Barboza a toujours appris d’une combinaison de ses idéaux syndicaux et d’une foi en lui-même inébranlable. Il a quitté son travail pour tout parier sur la boxe, même quand cela signifiait six mois sans revenu. Il a opté pour un contrat avec moins d’argent au départ, puis a quitté Top Rank pour signer avec un nouveau promoteur. Lorsqu’il a été temps de combattre pour un titre mondial, il est parti en tournée, combattant sur un événement promu par quelqu’un d’autre que son propre promoteur. À chaque tournant, il a pris un risque basé sur ce qu’il sentait être sa valeur, une qualité qui est inspirante et relatable même pour son propre manager Rick Mirigian.
"Il est une personne très spéciale, la chose la plus marquante pour moi, et ce qui le distingue encore aujourd’hui, c’est sa discipline, à l’intérieur comme à l’extérieur du ring. C’est ce qui se distingue en plus de ses compétences de classe mondiale, il est l'une des personnes les plus disciplinées que j'ai rencontrées et avec qui j’ai travaillé", a déclaré Mirigian. "Je pense que je me reconnais dans de nombreux combattants par la façon dont j’ai grandi, mais pour moi, j’étais un promoteur de concerts qui avait utilisé mon prêt étudiant et mon chèque d’aide financière pour organiser une fête à FSU. Ce que je peux comprendre, c’est prendre un risque contre toute attente."
Les cotes de paris peuvent être contre Barboza une fois de plus s’il obtient le combat qu’il veut vraiment, l’affrontement susmentionné avec Teofimo Lopez. The Ring a rapporté il y a une semaine que le prochain combat de Lopez est prévu pour juin ou juillet à Alcatraz par Turki Alalshikh, responsable de Riyadh Season et président de l’Autorité générale du divertissement.

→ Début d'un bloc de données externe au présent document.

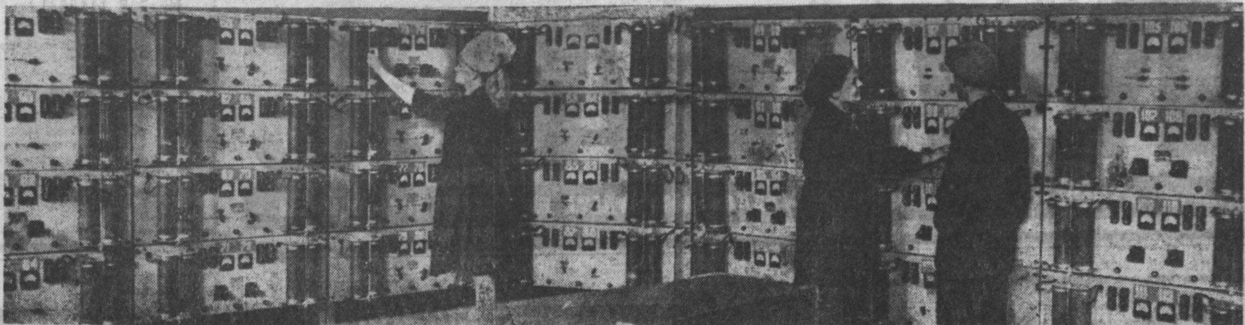
Продукция ленинско-кузнецкого завода «Кузбассалемит» пользуется большим спросом не только у нас в стране, но и за рубежом, особенно шахтные аккумуляторы.

секретарь парткома колхоза им. Ленина, Ленинск-Кузнецкий район.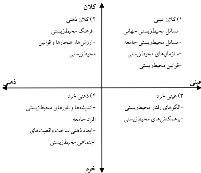
شکل ۳. سطوح عمده پارادایم بساختی- تفسیری مسائل محیط‌زیست

دو پیوستار خرد- کلان و عینی- ذهنی بسیار اهمیت داشته و در مطالعات مبتنی بر بساخت مسائل محیط‌زیستی کاربرد بالایی دارند. آنچه در این مقاله به دنبال آن هستیم روابط متقابل این دو پیوستار و ساخت یک الگوی منسجم در مطالعه بساخت مسائل محیط‌زیستی است. شکل ۳ این الگورا نشان می‌دهد که از تقاطع دو پیوستار قبلی حاصل شده و چهار سطح واقعیت‌های اجتماعی را نشان می‌دهد.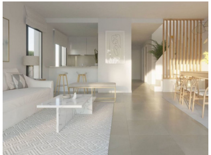
Vista alternativa al salón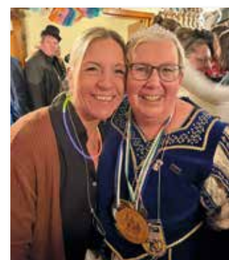
Königin und Prinzessin ...

ke Sieben zu ihrer Kneipentour durch Hoetmar. Ihr Elferrat, die IGF, hatte ihr einen alten Kofferwagen, der schon öfter im Karneval im Einsatz war, hergerichtet und zog die Prinzessin trotz eisiger Kälte am Samstag, dem 10. Januar, von Kneipe zu Kneipe durch Hoetmar! Gestartet wurde erstmals

Même si le combat est confirmé immédiatement, Barboza aura au moins la chance de rester chez lui et savourer ses pancakes, et sa victoire avec sa famille, contrairement à sa victoire contre Ramírez, suivie par un conseil quasi immédiat qu’il combattrait Catterall en février, nécessitant immédiatement un autre camp.

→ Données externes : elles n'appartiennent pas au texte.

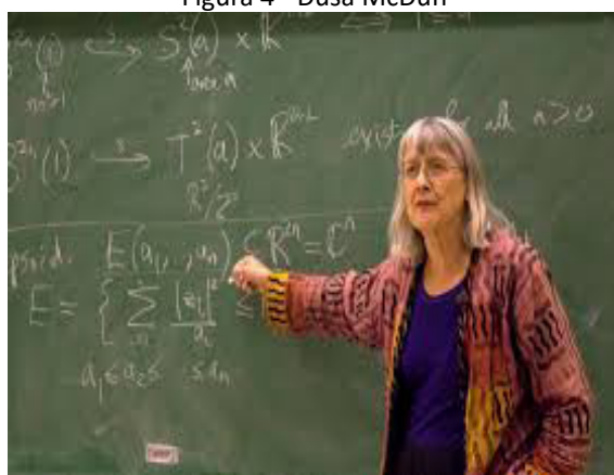
Figura 4 - Dusa McDuff

Dusa se licenció en Matemáticas en la Universidad de Edimburgo y obtuvo su doctorado en el Girton Collage, en Cambridge, en 1971. En 1975, ya separada de su primer marido, fue invitada para enseñar en la Universidad de Cork, pasando posteriormente al MIT y posteriormente al Instituto para Estudios Avanzados, volviendo después a Inglaterra, a la Universidad de Warwick, donde conoció a su segundo marido, el matemático John Milnor, medalla Fields y ganador de los Premios Wolf y Abel.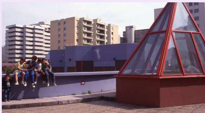
Groupe de 5 enfants devant la médiathèque du Tonkin, 1992, diapositive couleur, 30 x 20 cm, FRAC069266_5Fi1087, collection Archives du Rize, Villeurbanne © O.V.I.D.E.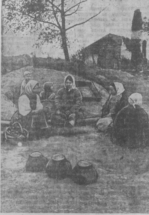
Там, где бьювались немецко-фашистские орды. На снимке: жители деревни Д. у своих жилищ, разрушенных немцами.

Старший полковник К. Буковский. Мало-Ярославское направление. («Красная Звезда» за 28 октября).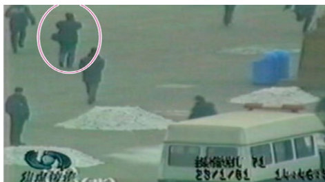
▲ 圈中的男子，在军警间从容拍摄。

“天安门自焚”本应是突发事件，在短短一两分钟的时间里，巡逻的警察竟拿出十几个灭火器，还有灭火毯，人们不禁要问：难道天安门巡逻的警察每天都背着灭火器、带着灭火毯？显然是有备而来！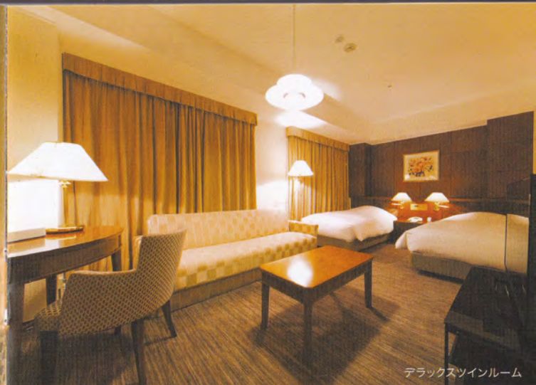
デラックスツインルーム

Aujourd'hui, et pour de nombreux jours à venir, il mangera son petit déjeuner à la même table qui a été mise de côté pour une soirée de visionnage le week-end dernier, où sa fille a sauté de joie dans son costume de Wonder Woman en regardant son super-héros de père être déclaré champion du monde.

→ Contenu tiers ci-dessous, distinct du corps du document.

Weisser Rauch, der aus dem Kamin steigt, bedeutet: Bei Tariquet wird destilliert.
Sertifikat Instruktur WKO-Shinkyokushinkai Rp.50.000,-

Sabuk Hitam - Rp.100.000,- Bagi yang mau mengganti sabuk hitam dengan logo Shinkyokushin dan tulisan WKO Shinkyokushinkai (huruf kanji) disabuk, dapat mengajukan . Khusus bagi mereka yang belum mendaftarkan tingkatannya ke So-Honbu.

"Il n'y a aucune situation, personne en boxe qui pourrait me briser mentalement parce que ça ne fonctionnera pas, j'ai traversé trop de choses dans la vie", a déclaré Barboza. "C'est fou quand tu y fais face, mec, mais tu sais quoi, je ne demanderais jamais une autre voie. J’ai pris celle-ci de la manière difficile. J’aime ça. Ça m’a fait l’homme que je suis aujourd'hui."